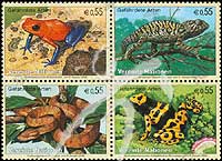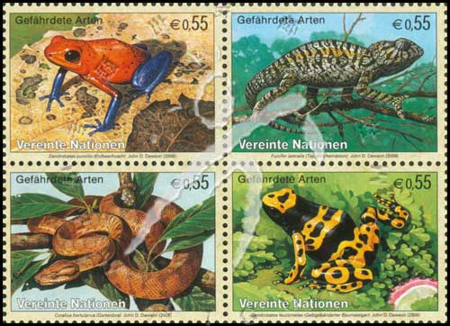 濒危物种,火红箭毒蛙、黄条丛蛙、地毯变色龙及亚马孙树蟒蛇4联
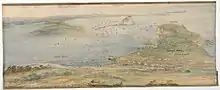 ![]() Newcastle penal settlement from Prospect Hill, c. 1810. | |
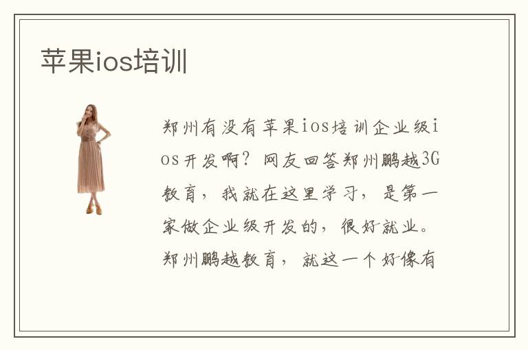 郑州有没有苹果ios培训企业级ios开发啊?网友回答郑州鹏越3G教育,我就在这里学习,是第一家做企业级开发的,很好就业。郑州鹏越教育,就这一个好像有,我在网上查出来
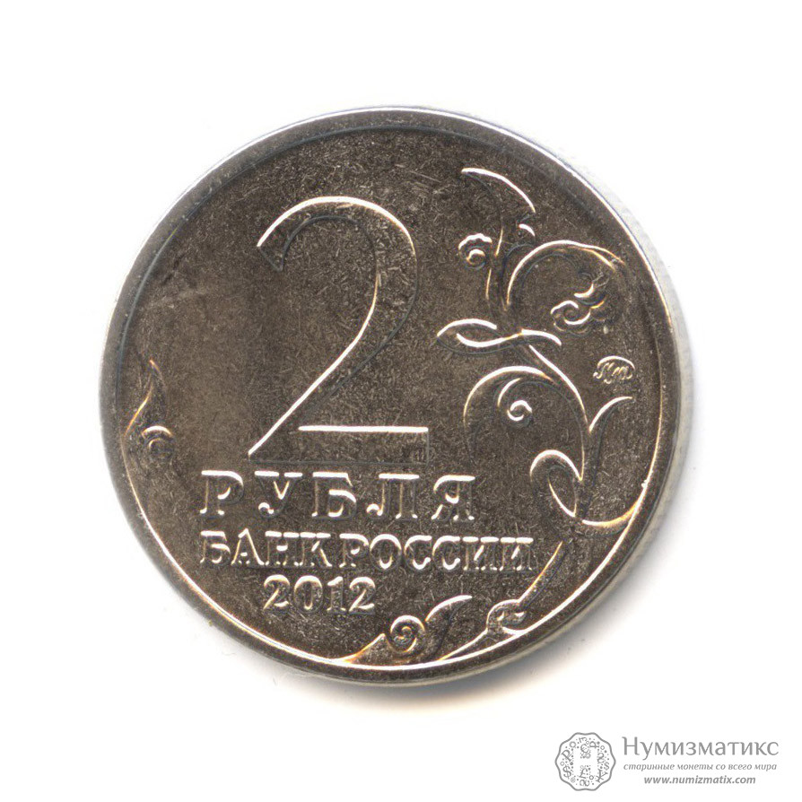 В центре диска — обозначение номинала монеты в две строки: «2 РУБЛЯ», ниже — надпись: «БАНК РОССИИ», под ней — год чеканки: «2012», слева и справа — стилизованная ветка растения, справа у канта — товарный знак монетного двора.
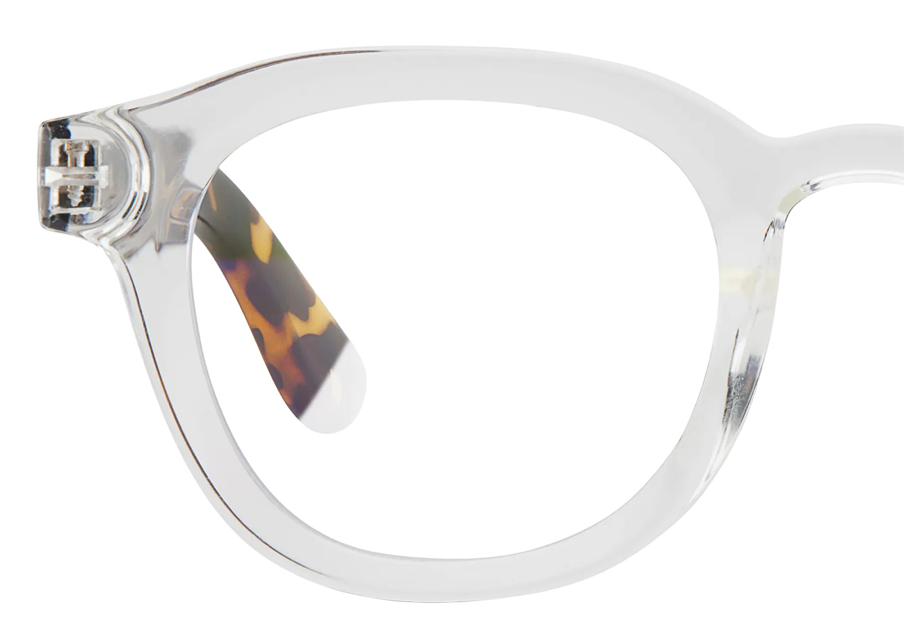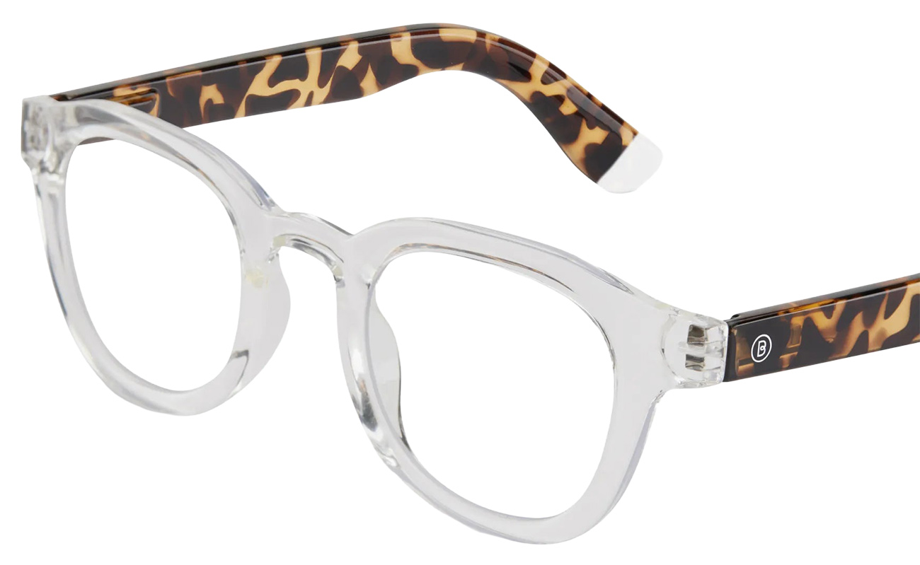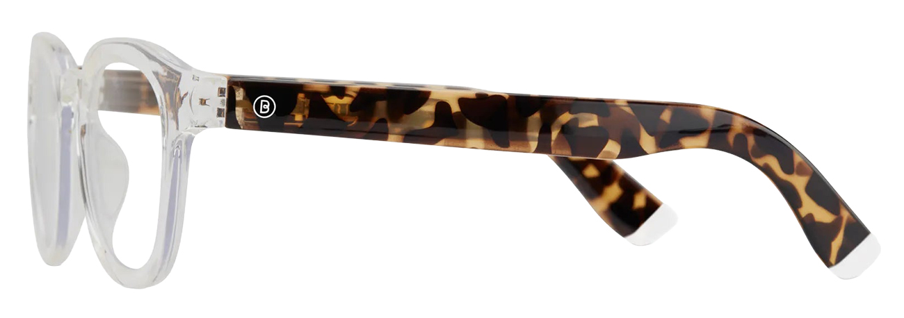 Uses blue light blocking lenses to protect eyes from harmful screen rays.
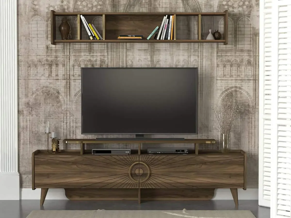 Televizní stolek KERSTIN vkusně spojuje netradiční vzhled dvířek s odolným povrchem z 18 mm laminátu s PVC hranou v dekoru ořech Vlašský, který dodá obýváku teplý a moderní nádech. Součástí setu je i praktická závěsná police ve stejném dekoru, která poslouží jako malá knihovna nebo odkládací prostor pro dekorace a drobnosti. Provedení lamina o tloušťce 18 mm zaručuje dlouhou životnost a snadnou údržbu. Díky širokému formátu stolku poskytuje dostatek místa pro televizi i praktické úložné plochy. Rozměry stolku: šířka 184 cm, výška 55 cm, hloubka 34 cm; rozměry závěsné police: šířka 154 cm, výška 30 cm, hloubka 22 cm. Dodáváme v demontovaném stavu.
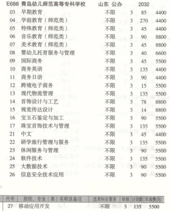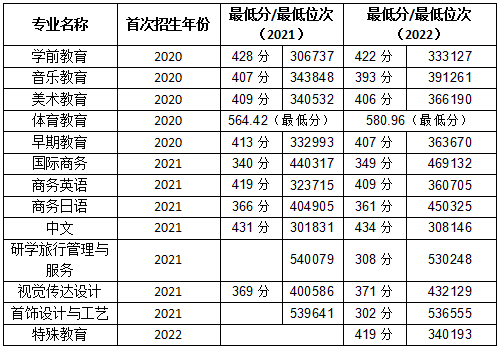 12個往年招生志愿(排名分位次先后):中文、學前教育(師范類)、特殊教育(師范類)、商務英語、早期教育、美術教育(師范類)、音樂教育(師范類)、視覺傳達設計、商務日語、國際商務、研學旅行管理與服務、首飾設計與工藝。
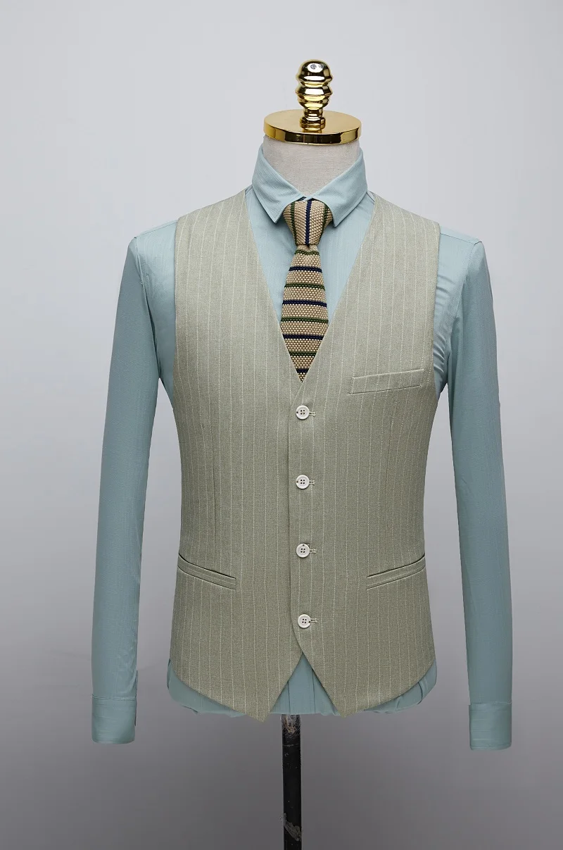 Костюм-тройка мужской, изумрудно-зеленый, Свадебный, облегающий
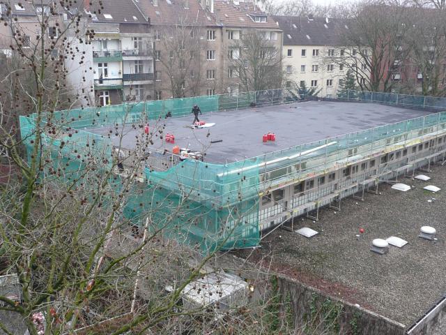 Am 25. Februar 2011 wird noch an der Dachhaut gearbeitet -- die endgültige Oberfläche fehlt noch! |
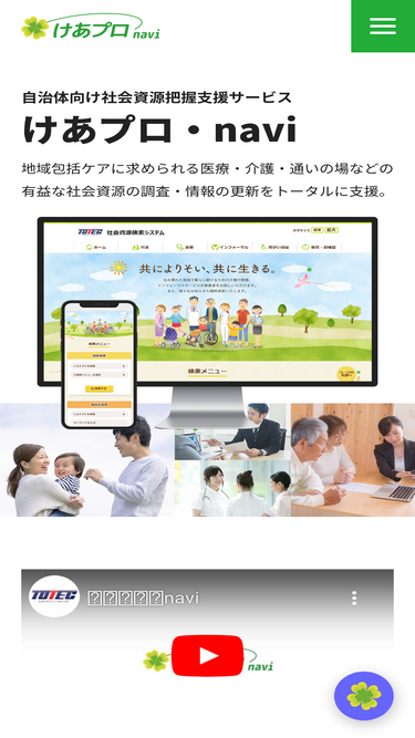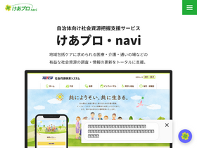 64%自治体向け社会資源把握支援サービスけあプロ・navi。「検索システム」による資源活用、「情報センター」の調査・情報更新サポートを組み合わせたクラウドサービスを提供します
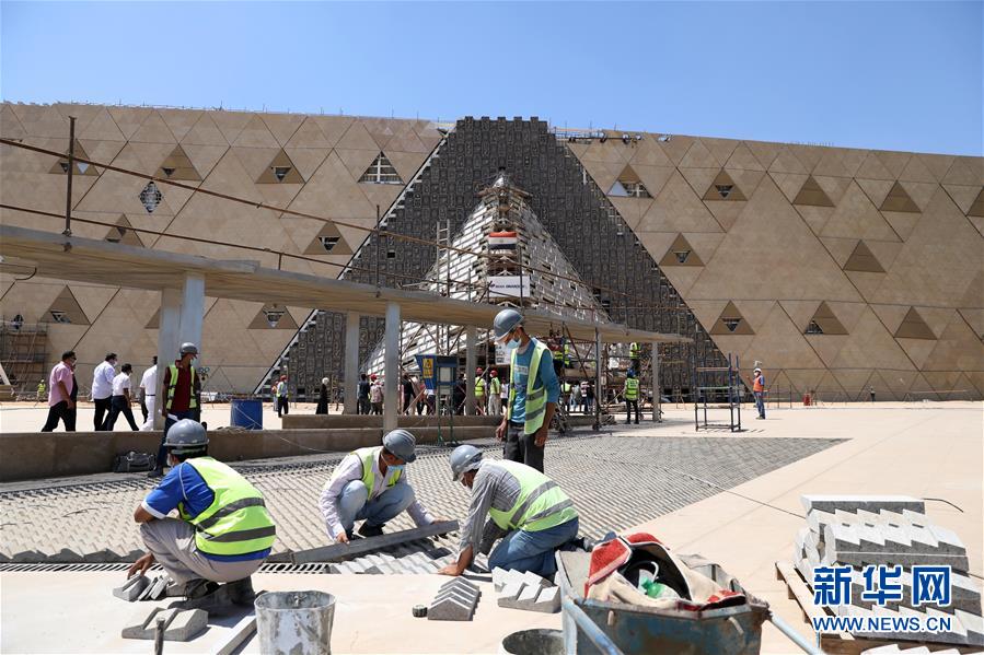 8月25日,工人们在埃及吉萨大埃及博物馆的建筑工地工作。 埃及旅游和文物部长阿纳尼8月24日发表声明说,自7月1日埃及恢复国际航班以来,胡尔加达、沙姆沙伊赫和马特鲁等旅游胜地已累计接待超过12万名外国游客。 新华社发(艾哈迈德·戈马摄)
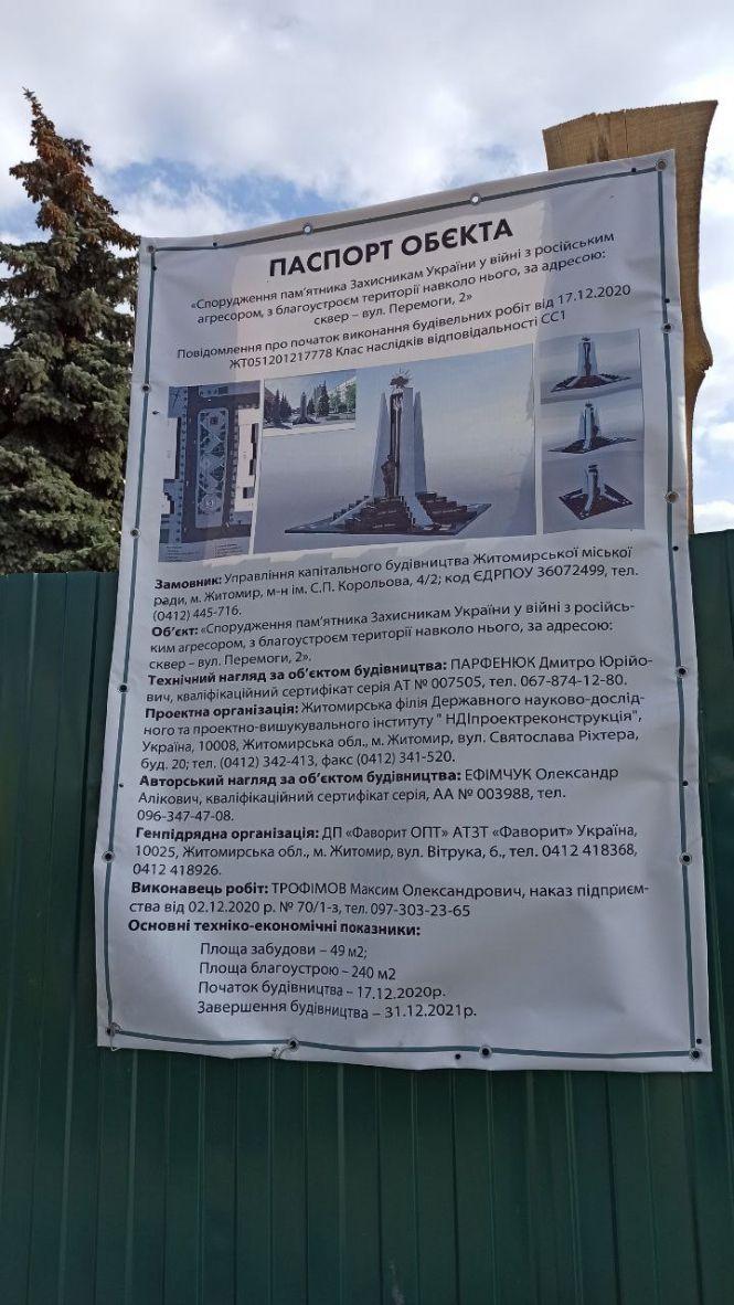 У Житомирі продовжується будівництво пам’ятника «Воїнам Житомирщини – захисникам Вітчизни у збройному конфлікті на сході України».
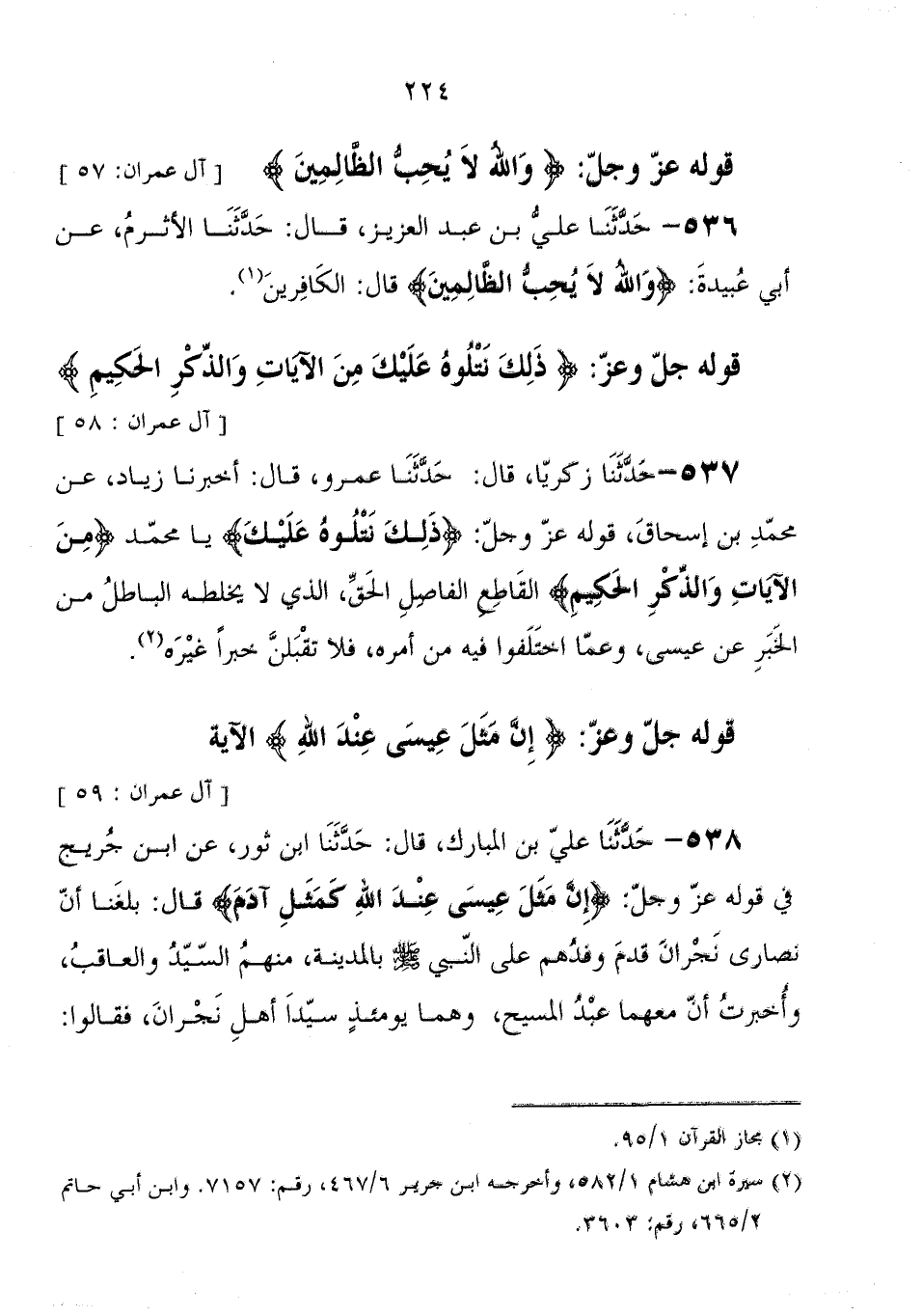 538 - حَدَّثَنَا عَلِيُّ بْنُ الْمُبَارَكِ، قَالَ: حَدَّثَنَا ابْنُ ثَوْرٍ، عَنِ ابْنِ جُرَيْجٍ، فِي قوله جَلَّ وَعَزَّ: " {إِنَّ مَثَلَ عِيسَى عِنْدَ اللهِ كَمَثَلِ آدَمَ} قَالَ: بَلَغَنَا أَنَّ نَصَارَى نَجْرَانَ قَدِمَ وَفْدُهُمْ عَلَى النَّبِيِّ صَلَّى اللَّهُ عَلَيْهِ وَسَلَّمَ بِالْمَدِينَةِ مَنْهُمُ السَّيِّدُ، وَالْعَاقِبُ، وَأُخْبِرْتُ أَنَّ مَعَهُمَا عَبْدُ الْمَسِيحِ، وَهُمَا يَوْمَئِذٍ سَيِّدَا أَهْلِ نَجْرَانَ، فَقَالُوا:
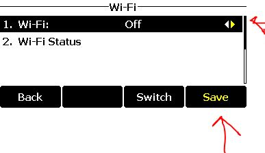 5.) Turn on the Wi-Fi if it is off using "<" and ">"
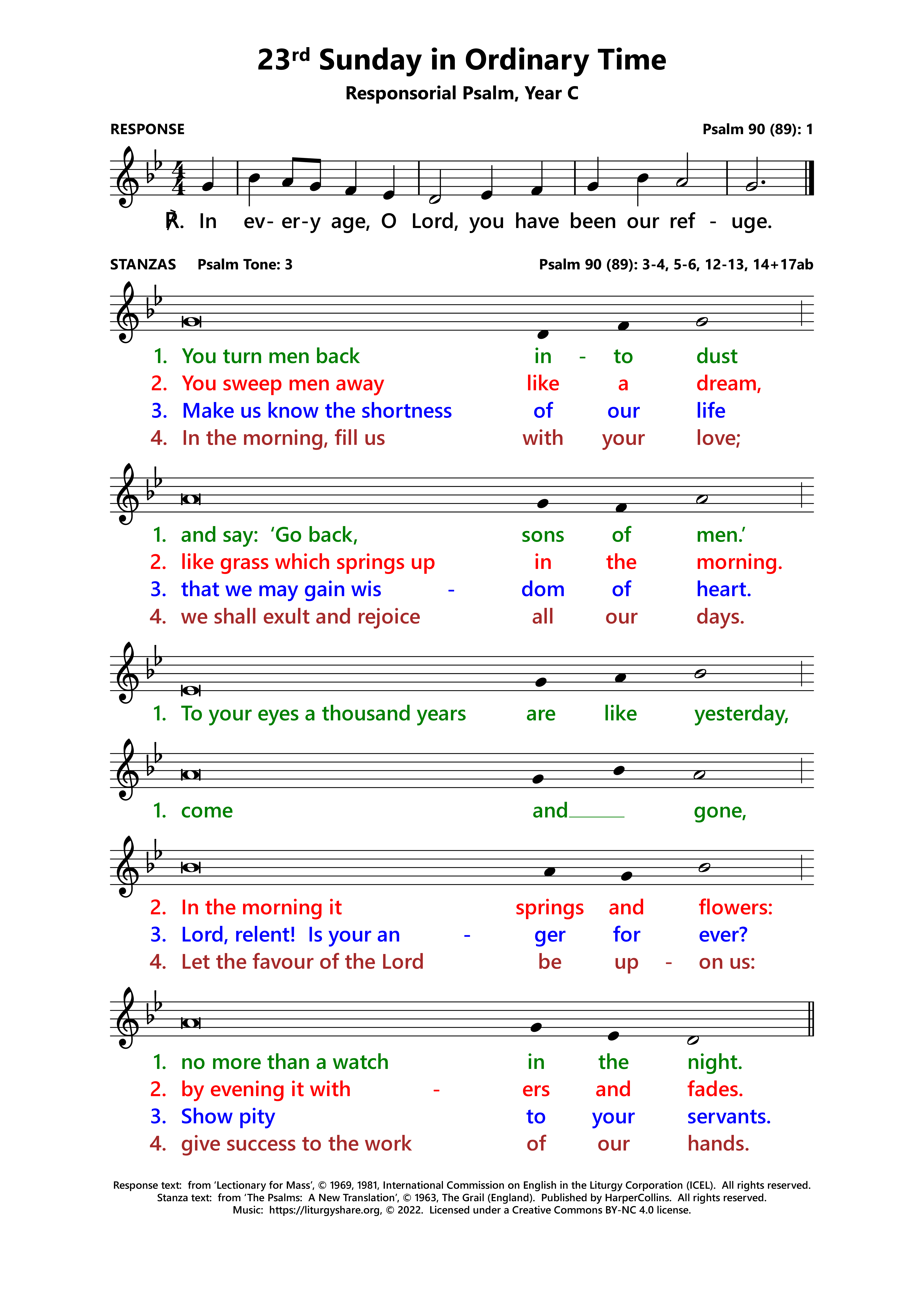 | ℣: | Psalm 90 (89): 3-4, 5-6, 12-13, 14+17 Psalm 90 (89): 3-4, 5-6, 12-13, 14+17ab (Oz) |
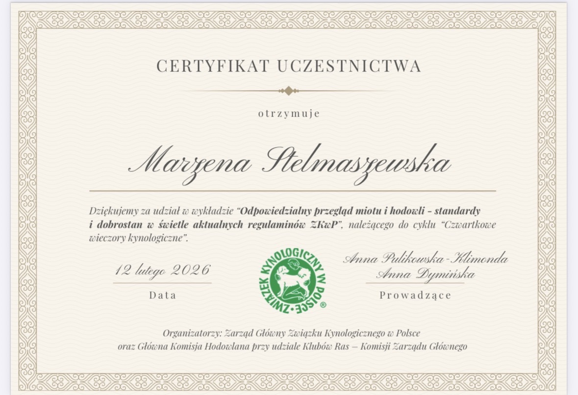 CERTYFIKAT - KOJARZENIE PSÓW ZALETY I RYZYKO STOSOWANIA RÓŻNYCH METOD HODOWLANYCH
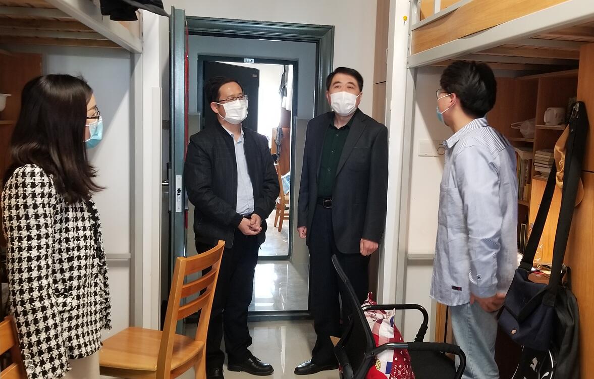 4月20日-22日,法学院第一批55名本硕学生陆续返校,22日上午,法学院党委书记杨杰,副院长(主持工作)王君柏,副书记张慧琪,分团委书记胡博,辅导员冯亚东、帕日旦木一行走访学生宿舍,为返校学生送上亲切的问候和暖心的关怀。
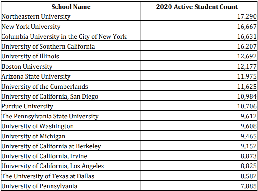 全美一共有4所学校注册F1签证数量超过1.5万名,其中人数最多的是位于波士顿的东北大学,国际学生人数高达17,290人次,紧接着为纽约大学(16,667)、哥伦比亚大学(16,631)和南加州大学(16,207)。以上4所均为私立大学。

- **TASK STATEMENT**: Given the entries above, transcribe exactly the lines from the one holding "12個往年招生志愿(排名分位" through the one holding "14+17ab (Oz) |"; pictures do not belong in the transcription.

- **ANSWER TO THIS EXERCISE**:
 12個往年招生志愿(排名分位次先后):中文、學前教育(師范類)、特殊教育(師范類)、商務英語、早期教育、美術教育(師范類)、音樂教育(師范類)、視覺傳達設計、商務日語、國際商務、研學旅行管理與服務、首飾設計與工藝。
 Костюм-тройка мужской, изумрудно-зеленый, Свадебный, облегающий
 Am 25. Februar 2011 wird noch an der Dachhaut gearbeitet -- die endgültige Oberfläche fehlt noch! |
 64%自治体向け社会資源把握支援サービスけあプロ・navi。「検索システム」による資源活用、「情報センター」の調査・情報更新サポートを組み合わせたクラウドサービスを提供します
 8月25日,工人们在埃及吉萨大埃及博物馆的建筑工地工作。 埃及旅游和文物部长阿纳尼8月24日发表声明说,自7月1日埃及恢复国际航班以来,胡尔加达、沙姆沙伊赫和马特鲁等旅游胜地已累计接待超过12万名外国游客。 新华社发(艾哈迈德·戈马摄)
 У Житомирі продовжується будівництво пам’ятника «Воїнам Житомирщини – захисникам Вітчизни у збройному конфлікті на сході України».
 538 - حَدَّثَنَا عَلِيُّ بْنُ الْمُبَارَكِ، قَالَ: حَدَّثَنَا ابْنُ ثَوْرٍ، عَنِ ابْنِ جُرَيْجٍ، فِي قوله جَلَّ وَعَزَّ: " {إِنَّ مَثَلَ عِيسَى عِنْدَ اللهِ كَمَثَلِ آدَمَ} قَالَ: بَلَغَنَا أَنَّ نَصَارَى نَجْرَانَ قَدِمَ وَفْدُهُمْ عَلَى النَّبِيِّ صَلَّى اللَّهُ عَلَيْهِ وَسَلَّمَ بِالْمَدِينَةِ مَنْهُمُ السَّيِّدُ، وَالْعَاقِبُ، وَأُخْبِرْتُ أَنَّ مَعَهُمَا عَبْدُ الْمَسِيحِ، وَهُمَا يَوْمَئِذٍ سَيِّدَا أَهْلِ نَجْرَانَ، فَقَالُوا:
 5.) Turn on the Wi-Fi if it is off using "<" and ">"
 | ℣: | Psalm 90 (89): 3-4, 5-6, 12-13, 14+17 Psalm 90 (89): 3-4, 5-6, 12-13, 14+17ab (Oz) |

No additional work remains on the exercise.